··· DATA EXTRACTS ···

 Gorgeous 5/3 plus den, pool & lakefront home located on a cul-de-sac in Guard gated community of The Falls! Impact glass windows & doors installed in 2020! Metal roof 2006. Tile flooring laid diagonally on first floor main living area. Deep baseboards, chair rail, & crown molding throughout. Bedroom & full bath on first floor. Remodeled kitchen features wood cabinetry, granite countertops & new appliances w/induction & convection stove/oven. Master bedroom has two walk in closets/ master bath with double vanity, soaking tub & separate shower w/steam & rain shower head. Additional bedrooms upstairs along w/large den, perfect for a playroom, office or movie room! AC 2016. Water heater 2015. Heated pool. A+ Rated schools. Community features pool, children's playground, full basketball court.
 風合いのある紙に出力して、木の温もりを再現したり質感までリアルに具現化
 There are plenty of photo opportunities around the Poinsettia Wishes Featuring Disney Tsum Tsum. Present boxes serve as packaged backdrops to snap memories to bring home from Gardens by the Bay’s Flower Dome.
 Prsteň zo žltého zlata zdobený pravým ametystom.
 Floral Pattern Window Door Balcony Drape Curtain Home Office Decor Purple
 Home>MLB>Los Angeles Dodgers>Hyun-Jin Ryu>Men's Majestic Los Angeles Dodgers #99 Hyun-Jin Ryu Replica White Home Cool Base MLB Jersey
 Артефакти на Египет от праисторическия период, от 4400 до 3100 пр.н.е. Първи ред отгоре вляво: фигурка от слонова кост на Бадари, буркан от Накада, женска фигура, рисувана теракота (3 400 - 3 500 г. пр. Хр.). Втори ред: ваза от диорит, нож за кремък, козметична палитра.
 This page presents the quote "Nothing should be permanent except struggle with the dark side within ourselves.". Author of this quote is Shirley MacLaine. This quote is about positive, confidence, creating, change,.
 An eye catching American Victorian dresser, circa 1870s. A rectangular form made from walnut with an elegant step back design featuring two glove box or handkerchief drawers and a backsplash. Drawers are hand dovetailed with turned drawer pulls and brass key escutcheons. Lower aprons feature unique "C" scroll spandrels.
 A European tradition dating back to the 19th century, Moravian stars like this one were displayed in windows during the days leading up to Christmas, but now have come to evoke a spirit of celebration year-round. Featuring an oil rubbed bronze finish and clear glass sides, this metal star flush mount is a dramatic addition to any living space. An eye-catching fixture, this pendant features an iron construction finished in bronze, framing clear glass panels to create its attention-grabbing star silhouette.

···

TASK OBJECTIVE
Repeat, word for word, the lines from the start of the records to the line that contains "Prsteň zo žltého", both of them included, and no others.

FINISHED EXERCISE
 Gorgeous 5/3 plus den, pool & lakefront home located on a cul-de-sac in Guard gated community of The Falls! Impact glass windows & doors installed in 2020! Metal roof 2006. Tile flooring laid diagonally on first floor main living area. Deep baseboards, chair rail, & crown molding throughout. Bedroom & full bath on first floor. Remodeled kitchen features wood cabinetry, granite countertops & new appliances w/induction & convection stove/oven. Master bedroom has two walk in closets/ master bath with double vanity, soaking tub & separate shower w/steam & rain shower head. Additional bedrooms upstairs along w/large den, perfect for a playroom, office or movie room! AC 2016. Water heater 2015. Heated pool. A+ Rated schools. Community features pool, children's playground, full basketball court.
 風合いのある紙に出力して、木の温もりを再現したり質感までリアルに具現化
 There are plenty of photo opportunities around the Poinsettia Wishes Featuring Disney Tsum Tsum. Present boxes serve as packaged backdrops to snap memories to bring home from Gardens by the Bay’s Flower Dome.
 Prsteň zo žltého zlata zdobený pravým ametystom.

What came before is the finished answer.